Good Leadership Is an act of kindness, and kindness can be an act of good leadership.

Written by: Boris Groysberg and Susan Seligson

Three things in human life are important. The first is to be kind. The second is to be kind. And the third is to be kind.” —Henry James

As a professor of business administration in the Organizational Behavior Unit at the Harvard Business School, I teach courses in leadership in the MBA and Executive Education programs. With the COVID-19 pandemic transforming our lives at every level, a growing number of students and former students have sought my advice about how to lead in a time of great uncertainty and unprecedented employee stress.

The stories these executives tell attest to the fact that these are the most difficult times in memory for many, if not most people. Parents struggle to balance the demands of remote work and homeschooling. Employees who live alone strain to stay focused while isolated from loved ones and traditional social supports. In between Zoom meetings, caretakers exhaust themselves attending to a special needs child or ailing parent.

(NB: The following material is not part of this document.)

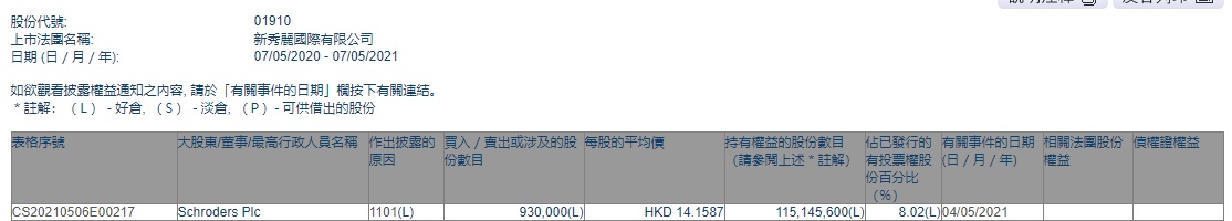 智通财经APP获悉,香港联交所最新资料显示,5月4日,Schroders Plc增持新秀丽(01910)93万股,每股作价14.1587港元,总金额约为1316.76万港元。增持后最新持股数目约为1.15亿股,最新持股比例为8.02%。

Everyone frets over their physical and financial well-being. Who among us isn’t anxious, stressed out, and off our game right now?

From bolstering remote collaboration to scheduling meetings upon meetings, the business press and bloggers are buzzing with guidance about ways to sustain employee engagement and productivity in the chaos of a pandemic. Unfortunately, most Management 101 advice does not recognize that in times like these, the manager’s toolkit must expand in ways we haven’t seen before.

I believe that a powerful, fundamental leadership strategy is being largely overlooked. It is, in fact, the most innately human one: Be kind.

According to a recent Gallup survey, less than half of employees (45 percent) feel strongly that their employer cares about their well-being. Many realize that this needs to change. Practicing active, habitual kindness can transform the remote workplace and it can start today. A little reassurance, compassionate listening, a conscious effort to validate people’s fear and confusion all go a long way.